Source records:

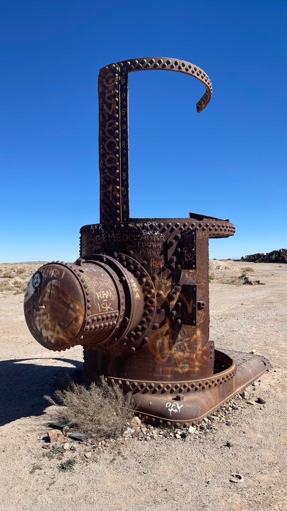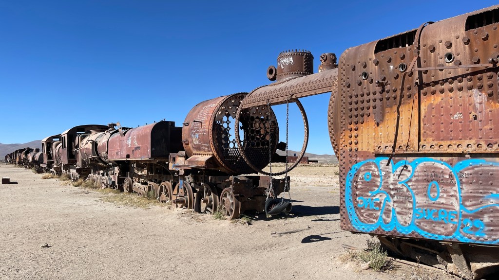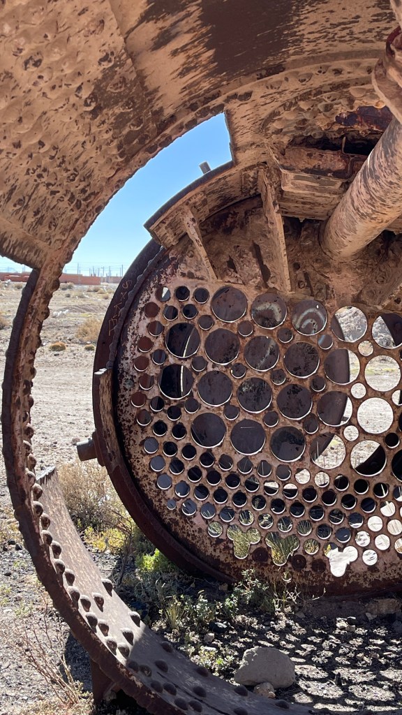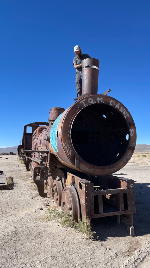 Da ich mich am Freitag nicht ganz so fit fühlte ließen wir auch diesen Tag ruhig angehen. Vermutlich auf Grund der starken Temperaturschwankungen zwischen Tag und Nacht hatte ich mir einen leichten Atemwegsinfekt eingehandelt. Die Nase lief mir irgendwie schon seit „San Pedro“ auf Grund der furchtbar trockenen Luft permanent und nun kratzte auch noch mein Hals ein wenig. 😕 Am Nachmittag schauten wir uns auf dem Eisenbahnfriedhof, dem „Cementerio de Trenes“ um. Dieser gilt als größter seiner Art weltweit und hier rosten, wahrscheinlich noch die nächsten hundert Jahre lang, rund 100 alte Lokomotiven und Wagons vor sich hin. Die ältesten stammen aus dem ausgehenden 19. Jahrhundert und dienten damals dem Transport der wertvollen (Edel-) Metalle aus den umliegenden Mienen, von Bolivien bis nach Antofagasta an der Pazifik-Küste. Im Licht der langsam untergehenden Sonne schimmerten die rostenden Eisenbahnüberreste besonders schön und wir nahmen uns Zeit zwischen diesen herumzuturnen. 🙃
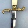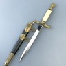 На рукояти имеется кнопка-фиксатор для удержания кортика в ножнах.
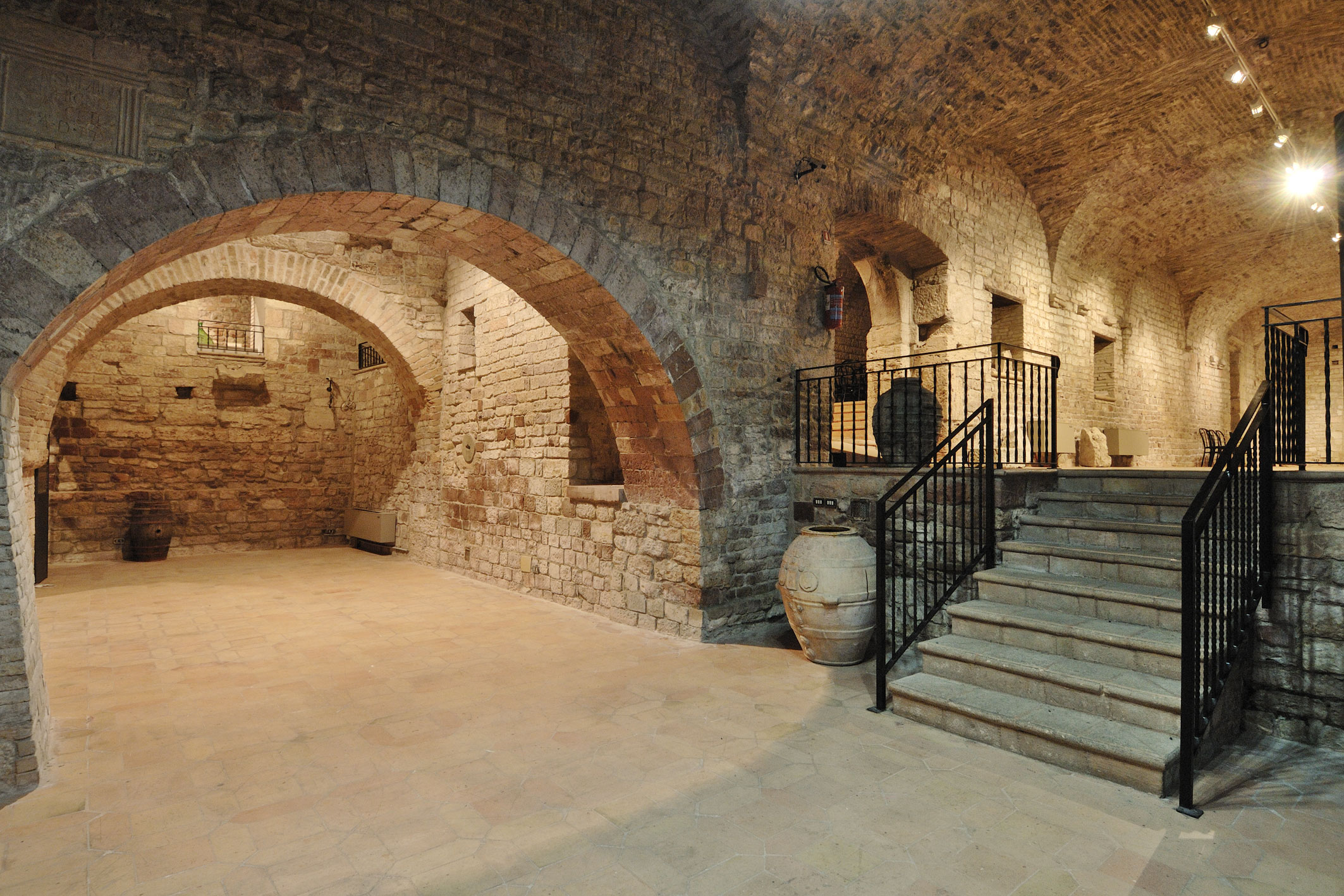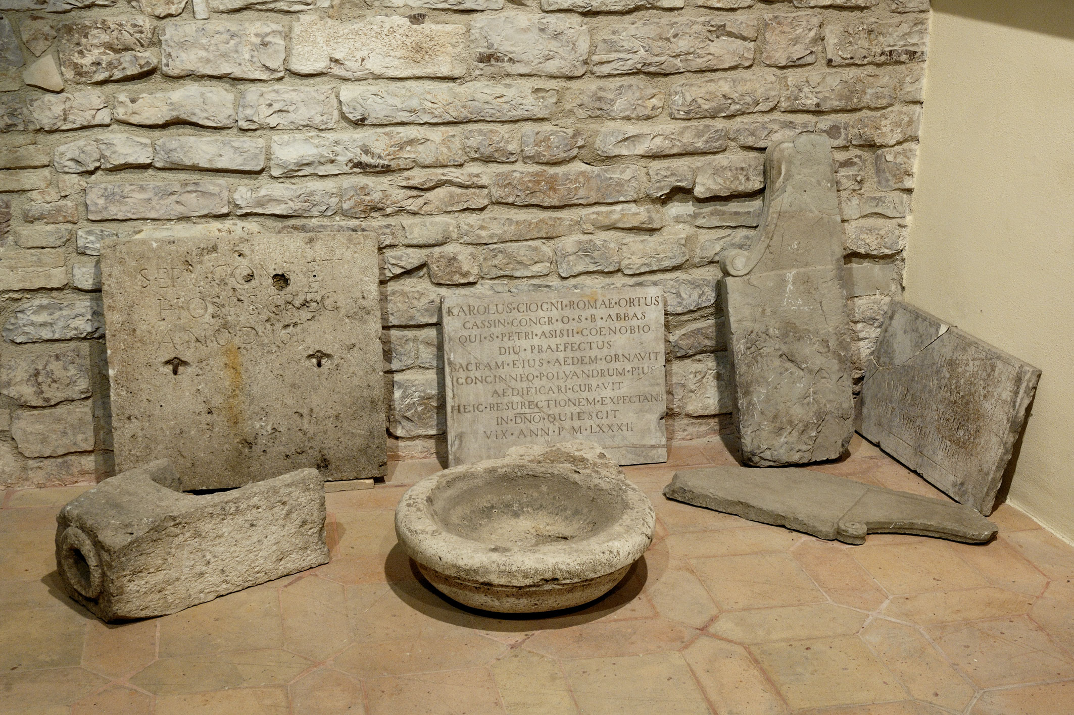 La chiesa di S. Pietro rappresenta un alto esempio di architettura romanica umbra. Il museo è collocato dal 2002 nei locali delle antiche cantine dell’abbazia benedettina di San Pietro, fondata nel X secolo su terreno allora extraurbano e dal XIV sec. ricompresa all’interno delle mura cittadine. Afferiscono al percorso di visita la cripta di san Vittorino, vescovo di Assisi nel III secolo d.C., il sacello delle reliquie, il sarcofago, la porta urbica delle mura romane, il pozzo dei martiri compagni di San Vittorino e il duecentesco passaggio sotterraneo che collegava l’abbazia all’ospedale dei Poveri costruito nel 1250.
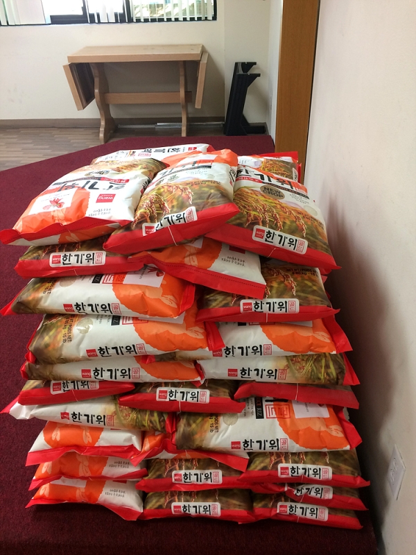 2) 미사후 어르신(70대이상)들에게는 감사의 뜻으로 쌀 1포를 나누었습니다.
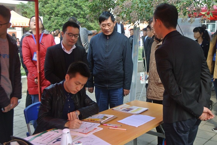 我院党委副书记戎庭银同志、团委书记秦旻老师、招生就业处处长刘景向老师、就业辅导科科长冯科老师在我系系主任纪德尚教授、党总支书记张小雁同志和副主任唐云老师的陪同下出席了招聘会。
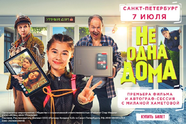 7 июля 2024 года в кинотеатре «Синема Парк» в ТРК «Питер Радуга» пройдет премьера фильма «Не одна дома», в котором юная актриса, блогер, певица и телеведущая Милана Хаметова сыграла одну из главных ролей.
...
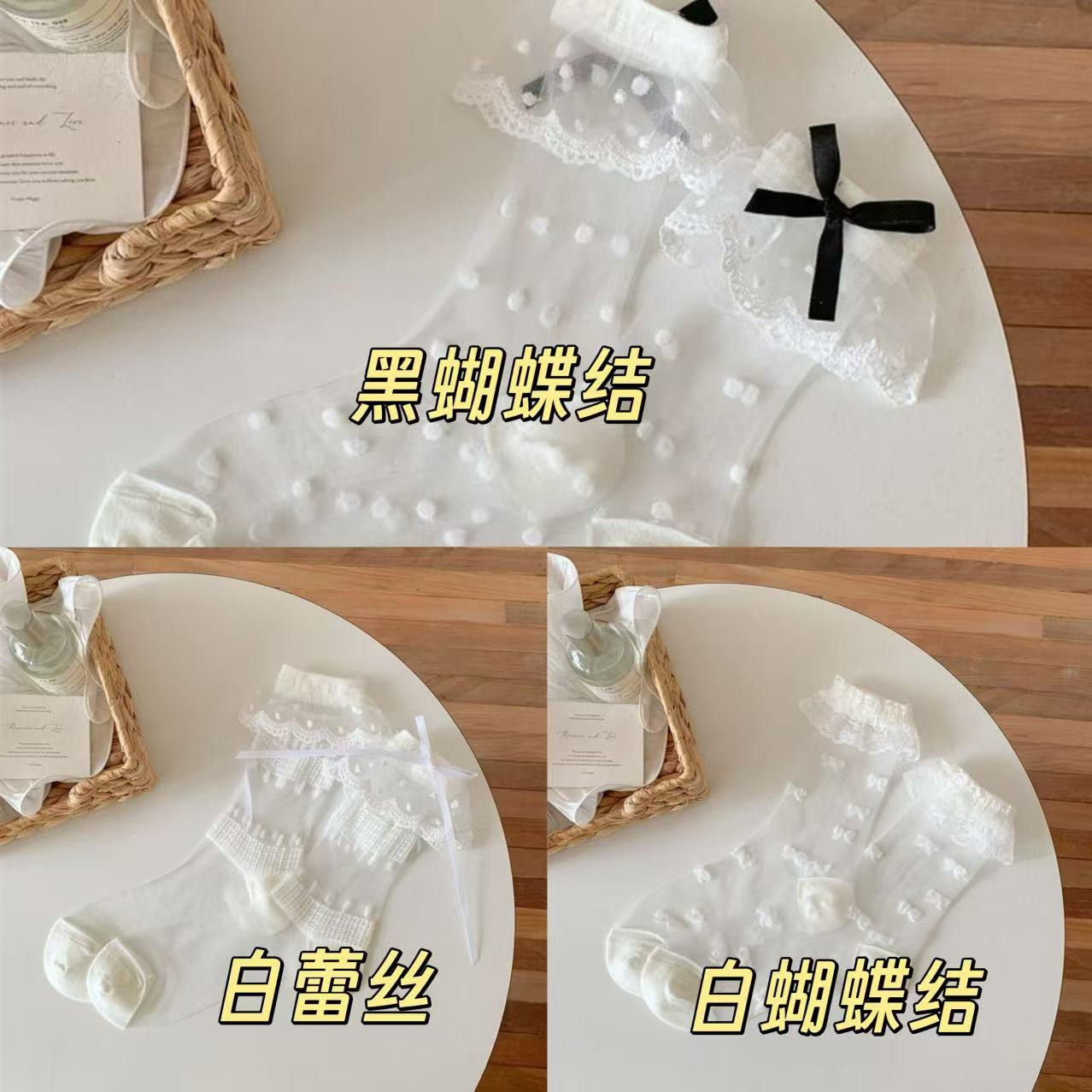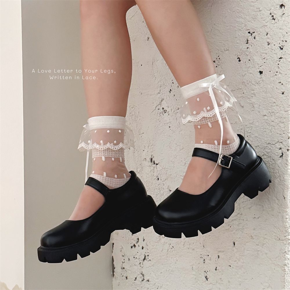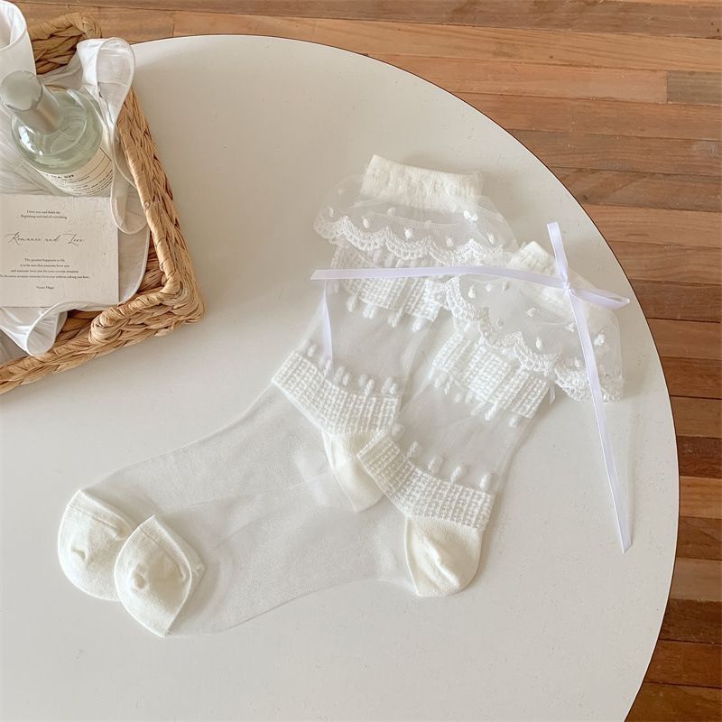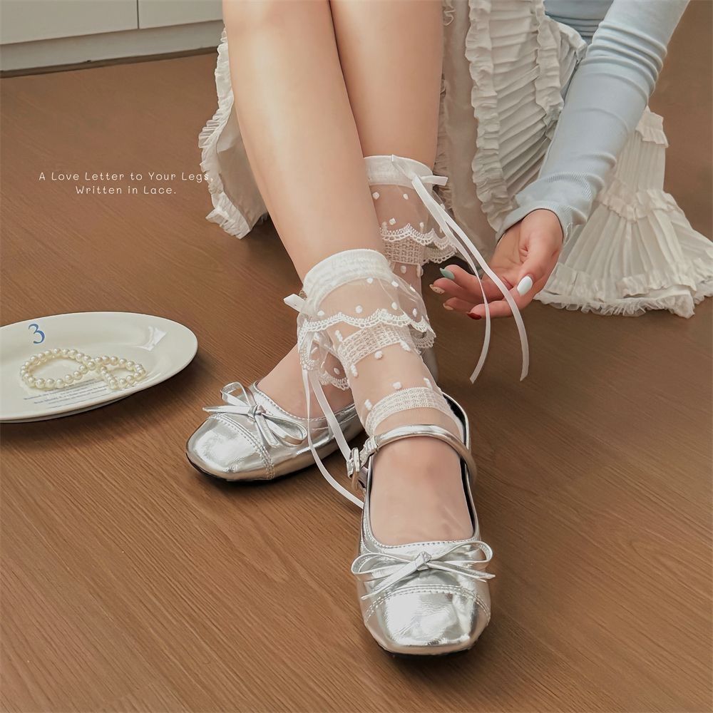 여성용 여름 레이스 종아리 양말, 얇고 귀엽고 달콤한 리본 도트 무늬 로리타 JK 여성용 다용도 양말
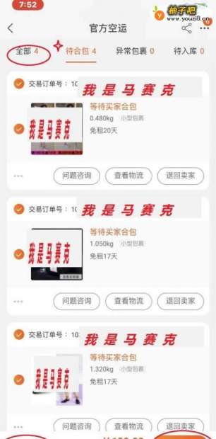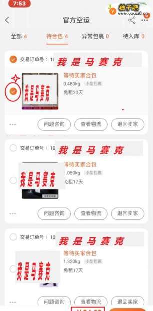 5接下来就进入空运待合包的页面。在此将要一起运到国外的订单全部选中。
==
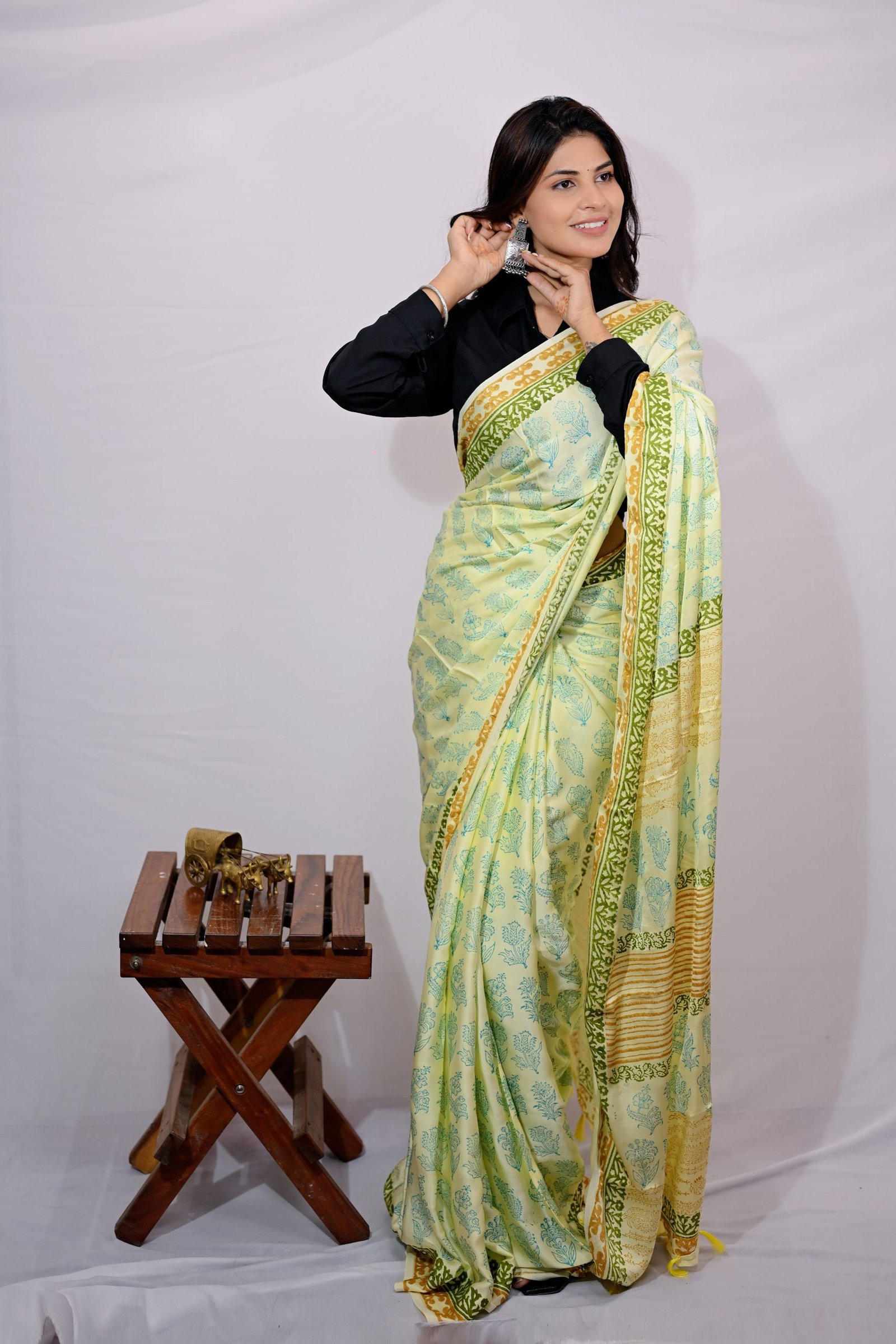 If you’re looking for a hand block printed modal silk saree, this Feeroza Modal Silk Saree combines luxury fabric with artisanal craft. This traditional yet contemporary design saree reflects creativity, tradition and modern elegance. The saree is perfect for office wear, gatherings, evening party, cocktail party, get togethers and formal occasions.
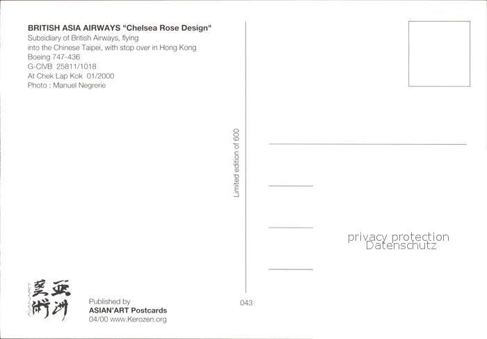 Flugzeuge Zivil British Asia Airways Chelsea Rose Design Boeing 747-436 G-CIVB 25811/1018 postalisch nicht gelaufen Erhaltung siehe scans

What you have to do:
Among the entries above, locate the line with "我院党委副书记戎庭银同志、团" and the line with "7 июля 2024". Give those two lines and all lines between them again, exactly, leaving out the pictures.

Task answer:
 我院党委副书记戎庭银同志、团委书记秦旻老师、招生就业处处长刘景向老师、就业辅导科科长冯科老师在我系系主任纪德尚教授、党总支书记张小雁同志和副主任唐云老师的陪同下出席了招聘会。
 7 июля 2024 года в кинотеатре «Синема Парк» в ТРК «Питер Радуга» пройдет премьера фильма «Не одна дома», в котором юная актриса, блогер, певица и телеведущая Милана Хаметова сыграла одну из главных ролей.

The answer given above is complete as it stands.